<<<<
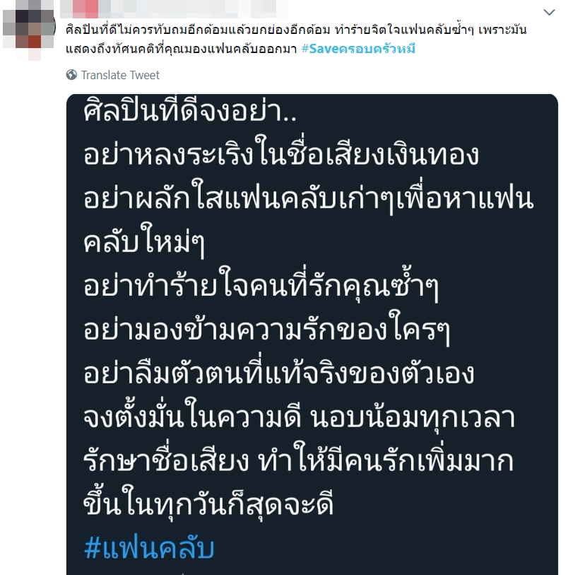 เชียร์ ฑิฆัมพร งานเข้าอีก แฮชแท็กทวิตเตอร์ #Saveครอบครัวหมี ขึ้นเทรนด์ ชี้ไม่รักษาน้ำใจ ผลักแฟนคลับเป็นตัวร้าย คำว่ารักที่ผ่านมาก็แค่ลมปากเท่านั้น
>>>>
<<<<
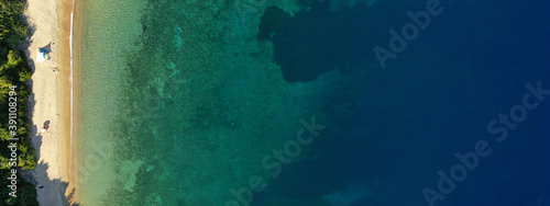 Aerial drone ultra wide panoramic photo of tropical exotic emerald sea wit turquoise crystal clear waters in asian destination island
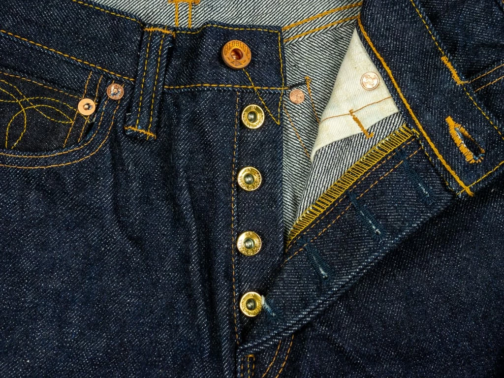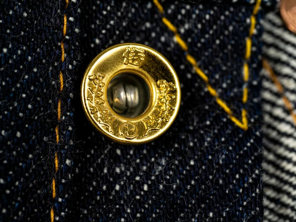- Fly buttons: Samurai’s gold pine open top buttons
>>>>
* _WHAT THE TASK REQUIRES_
Copy exactly the lines of the entries above from the one containing "Aerial drone ultra" through the one containing "- Fly buttons: Samurai’s". Both end lines count; pictures do not.

* _SOLUTION FOR THIS EXERCISE_
 Aerial drone ultra wide panoramic photo of tropical exotic emerald sea wit turquoise crystal clear waters in asian destination island
- Fly buttons: Samurai’s gold pine open top buttons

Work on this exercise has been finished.